Ojciec Stef odchrząknął. Wydawał się jakiś markotny. Był człowiekiem po pięćdziesiątce, krępym, z włosami przyprószonymi siwizną i postrzępionym wąsem, w staromodnych okularach. Zawsze wydawał jej się stary, zwłaszcza w zestawieniu z matką, Francuzką, znacznie od niego młodszą. W mdłej poświacie monitorów wyraźnie rysowały się zmarszczki na jego twarzy.

– Gdzieś tam w górze, wiecie, jest mój SPS – powiedział. – Stara stacja kosmiczna na baterie słoneczne, przyciągnięta z orbity ziemskiej. Toporny silnik, pozostałość po epoce bohaterów, przebudowany i wreszcie wykorzystany w pożytecznej sprawie. Wysłali Dextera Cole’amiędzy gwiazdy, szkoda tylko, że tak po partyzancku. Żagiel świetlny, żeby wypchnąć go z jednego układu, i silnik termojądrowy, żeby wyhamował w drugim. Jak dawne okręty Greków, statki wiosłowe z żaglami. A jednak udało im się, wyprawili go w drogę. Dzisiaj ty, Angelio, ty jesteś przedstawicielem nowego pokolenia, następnego etapu ludzkiej pomysłowości. I w tej wyjątkowej chwili… to! Odkrycie ziaren. Źródło gigantycznej energii, którą można, ktoś powie, czerpać jak wodę z kranu. Nagle wszystko, co my, mali ludzie, jesteśmy w stanie wskórać, zostaje usunięte w cień. Zupełnie jakby pozwolono nam oszukiwać. Czy to etyczne?

Stef słuchała tego z konsternacją.

– Mówiłeś już o tym, tato. Nie bardzo wiem, kogo winisz.

– Twój ojciec zawsze było agnostykiem – powiedziała Angelia. – Zatem nie wini Boga.

– Nie, nie Boga. Ale jest to, mimo wszystko, cholerny zbieg okoliczności, że znajdujemy te rzeczy, kiedy są nam najbardziej potrzebne…

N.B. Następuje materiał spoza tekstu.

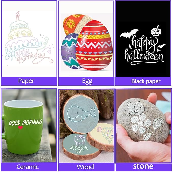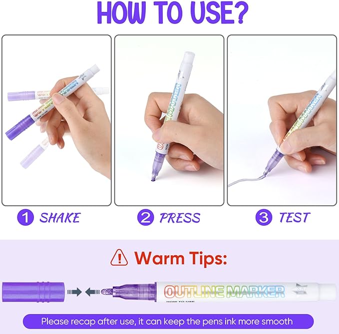 - 🎨Double Line Outline Markers: Double Line Outline Markers colours with double line and glitter effect. Shimmer Markers, Metallic Marker Pen ,This Glitter Pen can be suitable for greeting cards, graffiti, poster making, drawing, journaling, Art Crafts,DIY Photo Album and highlighting.Suitable for almost any surface, such as rock, ceramic, wood, glass,stone, etc.Design Flash Metal Font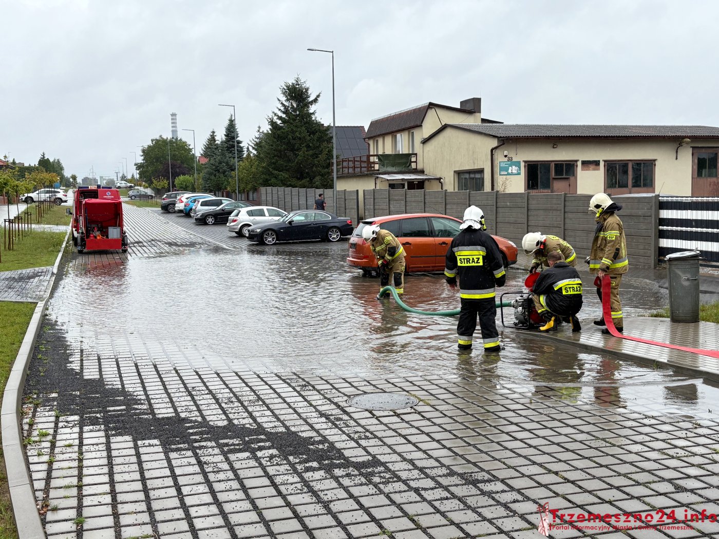 Strażacy z OSP w Trzemesznie interweniowali wczoraj przy zalanej piwnicy na ulicy Dworcowej, ale także przy wypompowywaniu wody z ulicy Jaśminowej. Ulica ta przeszła gruntowny remont w minionych latach. Posiada zainstalowane tzw. „studnie chłonne”, które – jak widać – nie sprawdzają się przy tak dużych opadach.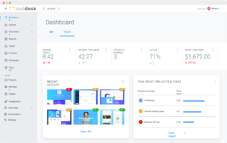 We make it easy to track and manage the activity of your Outdesk team member. Our client portal provides analytics and insights into how your staff members spend their time, how they are progressing on certain projects and tasks and which websites and applications they are utilising through out the day.
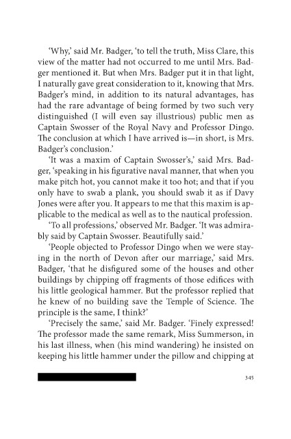 ‘Why,’ said Mr. Badger, ‘to tell the truth, Miss Clare, this
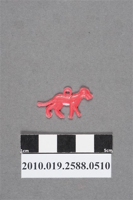 1.本物件為狗造型尪仔仙,為粉紅色塑膠材質。外型為狗,頭部有眼、嘴、耳等結構,但細節簡單。脖子部位戴有項圈,背部有圓形環,呈行走姿態,四肢末端有殘膠,尾巴角度平緩。物件背面與正面同。本系列尪仔仙多為相同塑膠模版,僅有顏色不同,或是同色同塑膠模版等形式。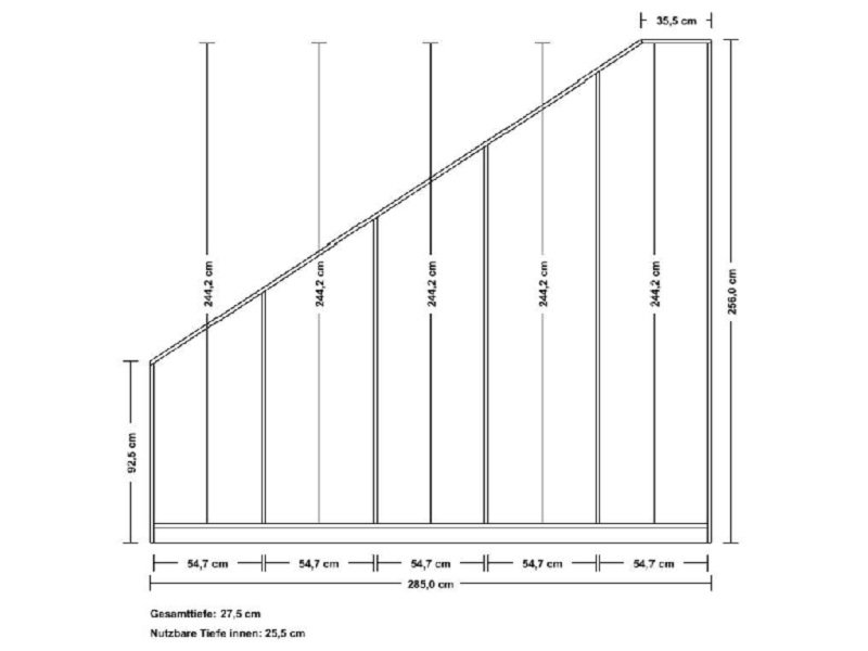 Als drittes Element des Schranksystems hat sich Familie S. für eine großzügige Bücherwand entschieden. Mit einer Länge von 2,85 Metern und einer Tiefe von 27,5 Zentimetern nutzt das Regal dabei die volle Breite der Wand aus. So bietet das Regal ausreichend Platz für verschiedene Büchersammlungen und andere Gegenstände, wie Dekoartikel und Lagerboxen.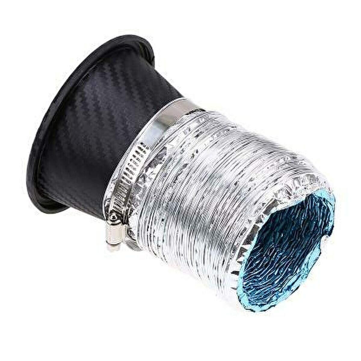 汎用のドライカーボン風エアインテークダクトです。 広い面積でクリーンエアーをキャッチしての吸気冷却、ブレーキ冷却等様々な効果が期待できます。 商品内容 エアインテークダクト本体 1個 取付バンド1個 アルミホース1個 。 フェイクダクトではありませんので付属の蛇腹のアルミホースを使ってインテーク側にエア吸入出来ます。 レーシーなカーボン柄がドレスアップにもなります。 申し訳ありませんが取付等のサポートはできません。十分な知識を持った方での対応をお願いします。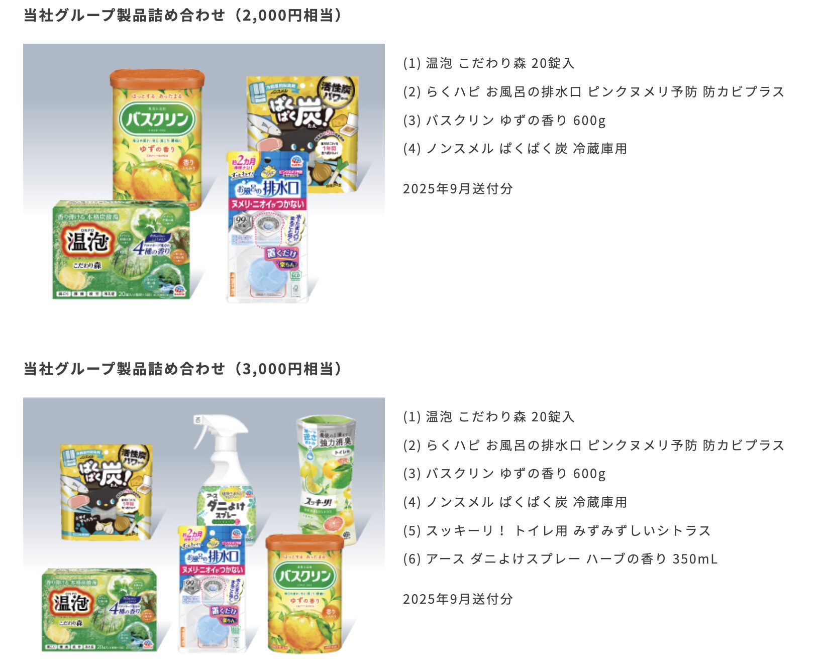 - 入浴剤や芳香剤や掃除製品なので使いやすい優待内容です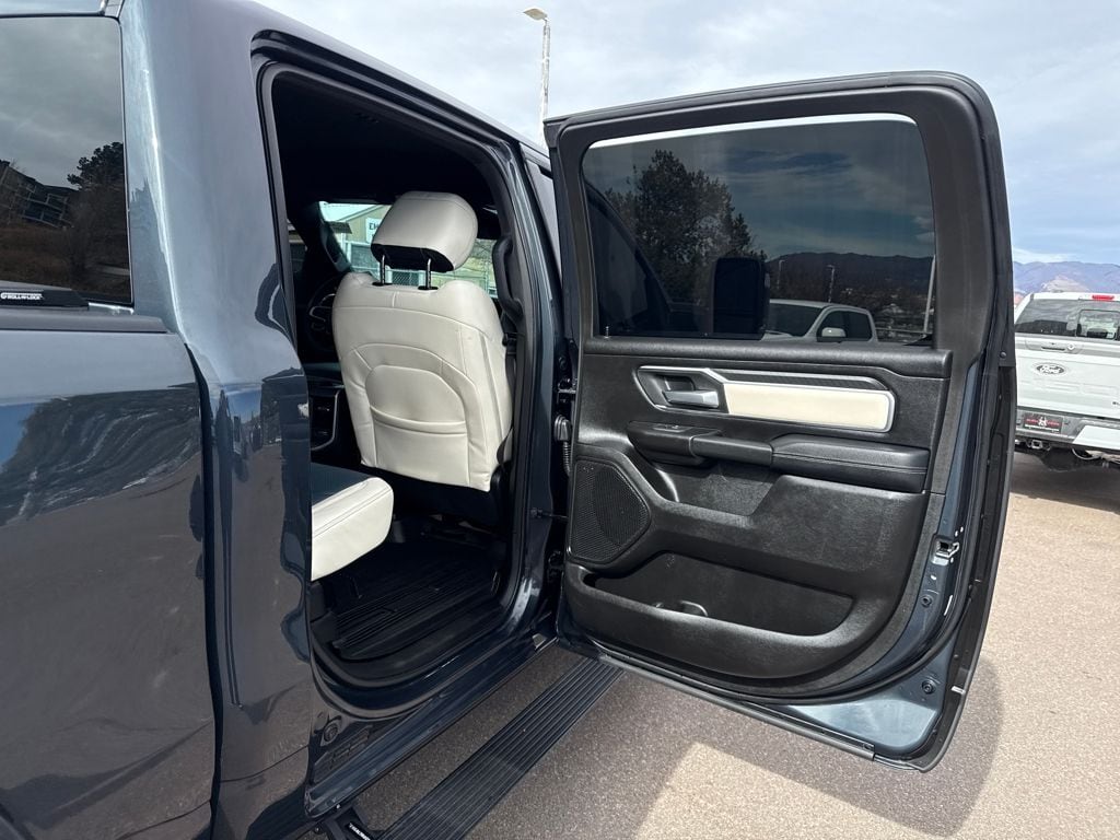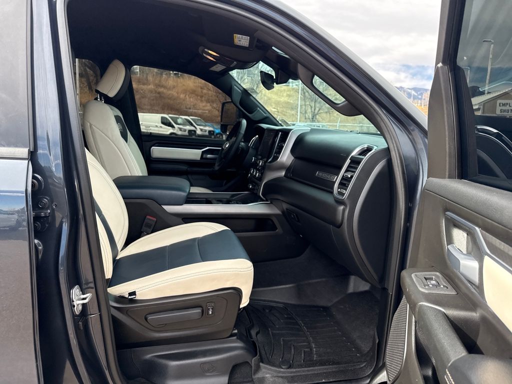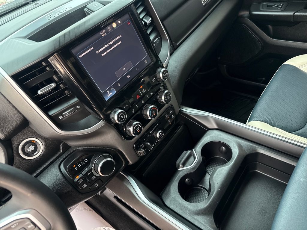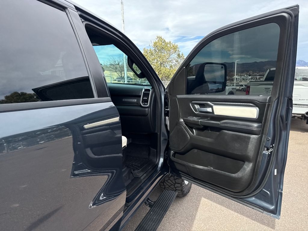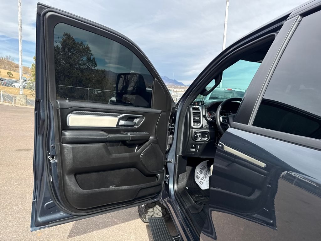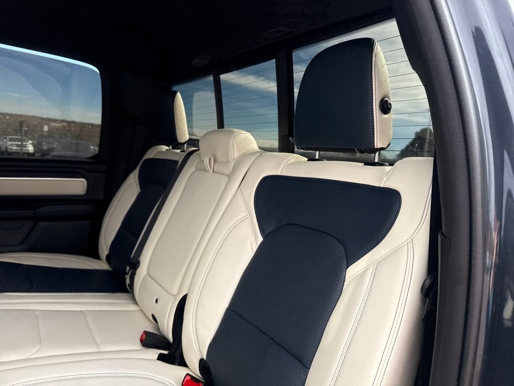 Bed Utility Group (Exterior 115V AC Outlet, MOPAR 4 Adjustable Cargo Tie-Down Hooks, MOPAR Spray In Bedliner, and Pick-Up Box Lighting), Big Horn Level 1 Equipment Group (115V Auxiliary Power Outlet, 2nd Row In Floor Storage Bins, 400W Inverter, Auto Power-Folding Mirrors, Auto-Dimming Exterior Driver Mirror, Auto-Dimming Rear-View Mirror, Black Exterior Mirrors, Black Premium Power Mirrors, Convex Wide-Angle Exterior Mirror Insert, Exterior Mirrors Courtesy Lamps, Exterior Mirrors w/Heating Element, Exterior Mirrors w/Supplemental Signals, Glove Box Lamp, Heated Front Seats, Heated Steering Wheel, Leather Wrapped Steering Wheel, Power 2-Way Driver Lumbar Adjust, Power Adjust 8-Way Driver Seat, Power Adjustable Pedals, Rear Power Sliding Window, Rear Window Defroster, Steering Wheel Mounted Audio Controls, Sun Visors w/Illuminated Vanity Mirrors, and Universal Garage Door Opener), Protection Group (Tow Hooks), Quick Order Package 21Z Big Horn, Trailer Tow Group (Accent Color Tailgate Handle, Black Trailer Tow Power Mirrors, Manual Folding Exterior Mirrors, Manual Telescoping Mirrors, Mirror Clearance/Running Lights, Power-Adjustable Convex Aux Mirrors, Trailer Brake Control, Trailer Reverse Steering Control, Trailer Tire Pressure Monitoring System, and Trailer Tow Mirrors), 3 Rear Seat Head Restraints, 4 Way Front Headrests, 4-Wheel Disc Brakes, 4G LTE Wi-Fi Hot Spot, 6 Speakers, ABS brakes, Air Conditioning, Alloy wheels, AM/FM radio, Apple CarPlay/Android Auto, Auto High-beam Headlights, Brake assist, Bumpers: chrome, Cloth Bench Seat, Compass, Connectivity - US/Canada, Delay-off headlights, Driver door bin, Dual front impact airbags, Dual front side impact airbags, Electronic Stability Control, Front anti-roll bar, Front Center Armrest w/Storage, Front fog lights, Front License Plate Bracket, Front reading lights, Front Seat Back Map Pockets, Front wheel independent suspension, Fully automatic headlights, GPS Antenna Input, Heated door mirrors, Illuminated entry, Integrated Voice Command w/Bluetooth, Low tire pressure warning, Manual Adjust 4-Way Front Passenger Seat, Manufacturer's Statement of Origin, MOPAR Front & Rear Rubber Floor Mats, Occupant sensing airbag, Outside temperature display, Overhead airbag, Overhead console, Panic alarm, ParkView Rear Back-Up Camera, Passenger door bin, Passenger vanity mirror, Power door mirrors, Power steering, Power windows, Radio data system, Radio: Uconnect 5 W w/8.4" Display, RAM Grille Badge - Chrome, Rear 60/40 Folding Seat, Rear anti-roll bar, Rear seat center armrest, Rear step bumper, Remote keyless entry, Speed control, Split folding rear seat, Supplier Part Tracking (J-1), Tachometer, Telescoping steering wheel, Tilt steering wheel, Traction control, Trip computer, USB Host Flip, Variably intermittent wipers, Voltmeter, Wheels: 18" x 8" Cast-Aluminum Painted, and Wheels: 20" x 9" Aluminum Chrome Clad (WRK)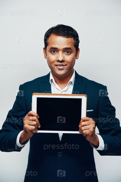 Бизнесмен показывает дисплей планшетного компьютера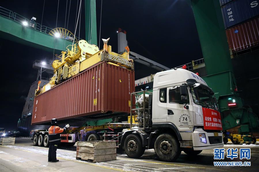 2月5日,天津港集团连夜抢卸、发运“南星马克利夫”轮和“东方强”轮上的疫情防控物资。新华社发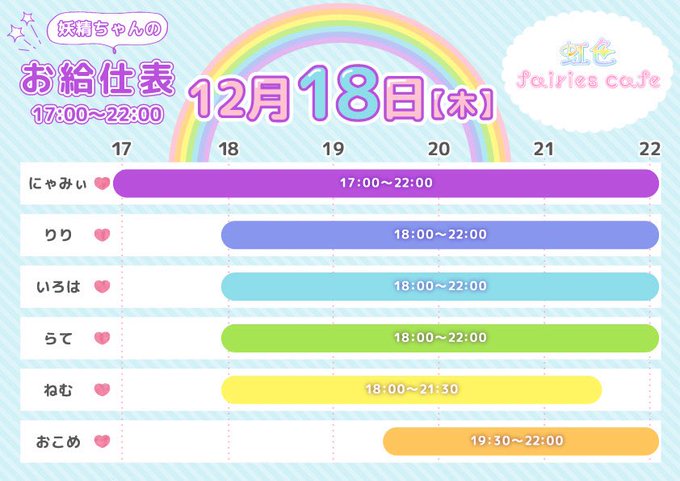 栄・大須・金山 虹色fairies cafe虹色fairies cafe🌈キャスト募集中🧚🏻♀️@nijicafe_osu03·本日水曜日はおやすみです💤 明日12/18(木)は17:00開国! 妖精ちゃん🧚🏻♀️⬇️ にゃみぃ@nyami_nijicafe りり@riri_nijicafe いろは@iroha_nijicafe らて@rate_nijicafe 🔰ねむ@nemu_nijicafe おこめ@okome_nijicafe 旅人の皆さまお待ちしてます🌈 #コンカフェ #大須24133
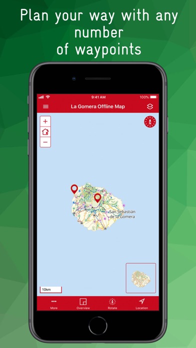 The rotatable map is an extract from OpenstreetMap with additional contour lines (resolution up to 20m). Even small paths and paths are clearly displayed. A variety of Points of Interest (POIs) such as bus stops, doctors, pharmacies, hospitals, police, post offices, banks, ATMs, hiking trails, drinking water points, toilets, petrol stations, ... can be displayed individually. Many POIs have additional information such as opening hours, bus line number, address, disabled access, ... You can search individually for all POIs, as well as for a variety of streets, cities, villages and districts. An overview map shows in a reduced scale in which part of the island the map section is located. A location function shows you your current position. Plan your way with any number of waypoints and share your information with others using the Share function.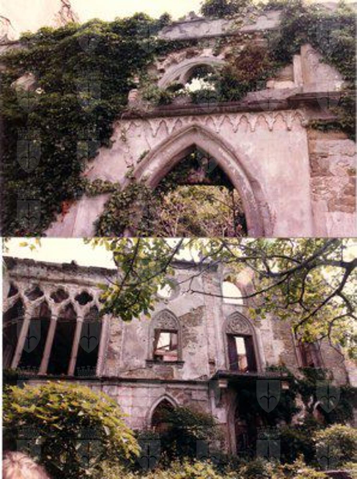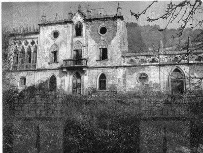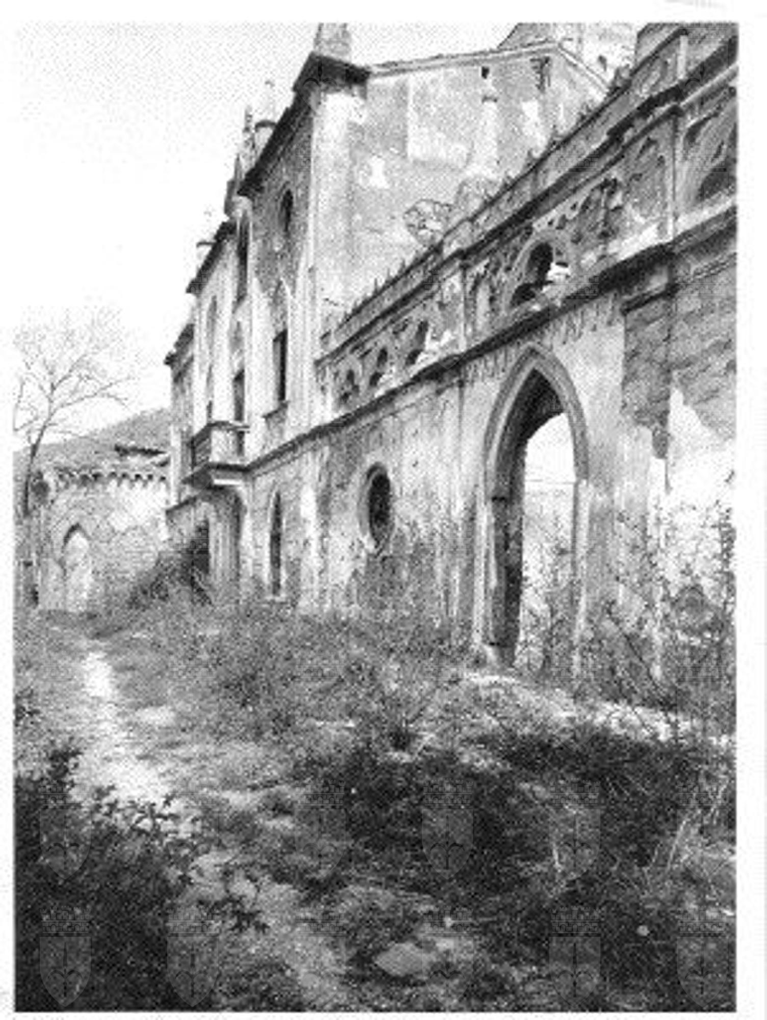 Il complesso in origine era costituito dalla villa, dalle scuderie e da quattro edifici rurali limitati da alte e massicce mura di cinta. La villa, realizzata in stile gotico tardo, poggia su bastioni del Cinquecento in origine merlati. La facciata principale, ripartita in tre zone da lesene, è ornata da finestre gotiche e ad occhio, rosoni in pietra arenaria, quadrifore ad imitazione del gotico fiorito veneziano e pinnacoli squadrati sopra al cornicione. La parte centrale della facciata presenta al piano terra un portale archiacuto, e al primo piano un poggiolo. Al centro del secondo piano c'è una finestra ogivale sormontata da una ghimberga che si eleva sopra al cornicione. Il tetto è crollato in buona parte della costruzione. Nella parte posteriore della costruzione si eleva una torretta belvedere. Il complesso è completato da muraglioni di contenimento a forma di bastioni medievali. All'interno sono distribuite quattordici stanze. Al pianterreno vi è un salone con caratteristico focolare, mentre nella sala con le quadriforme al primo piano si trova un caminetto. I pavimenti di alcune stanze sono realizzati con mattonelle di ceramica dipinte a mano, altri in rustico o mosaico. Sulle pareti rimangono tracce di decorazioni ad affresco e di fregi ornamentali in stucco. Le finestre avevano vetri policromi e piombati.
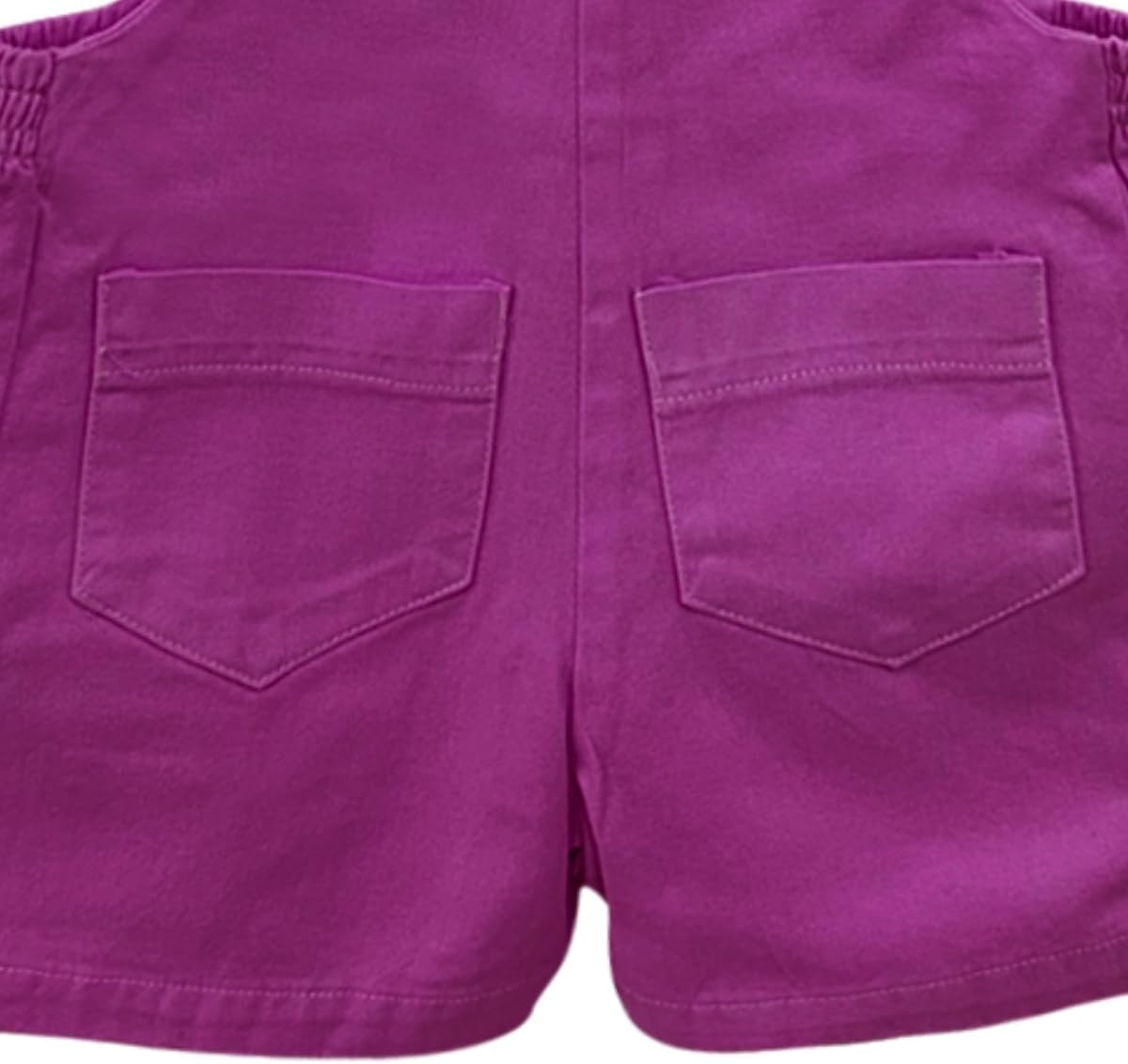 Jardineira Infantil Jeans Menina Lilás Lavanda Pink Macacão Short Verão

Szmery wokół nich cichły i nagle Stef zrozumiała, że odliczanie dobiega końca. „I-One” był już niemal gotowy do startu. Raz jeszcze spojrzała na Lexa McGregora leżącego na plecach, pozornie rozluźnionego.

Do bunkra wtargnęło ostre światło.

Stef wyjrzała przez okno. Źródło światła znajdowało się u podstawy statku niby kropelka merkuriańskiego blasku słonecznego. Gdy tak patrzyła, ów lśniący punkcik wolno oderwał się od ziemi.

Wnętrze bunkra rozbrzmiało gromkimi okrzykami radości.

– Patrz, Stef, odlatuje! – Ojciec ujął jej dłoń. – To będzie próbny lot na orbitę Jowisza ze stałym przyspieszeniem 1 g. Jeśli wszystko wypali, ten piekielny silnik będzie widoczny przez całą drogę jak ciemniejąca gwiazda. Na twoich oczach tworzy się historia, skarbie. Kto wie, może to w końcu zjednoczy ludzkość. Albo doprowadzi do potwornego konfliktu z Chińczykami, którzy nie mają dostępu do tej cudownej technologii. W każdym razie na tym stosie spłoną moje własne ambicje.

Angelia położyła mu dłoń na ramieniu w geście pocieszenia.

Stef praktycznie nie zwróciła na to uwagi. Wpatrując się we wznoszący się ogień, zadawała sobie tylko jedno pytanie. Ziarna. Jak działają?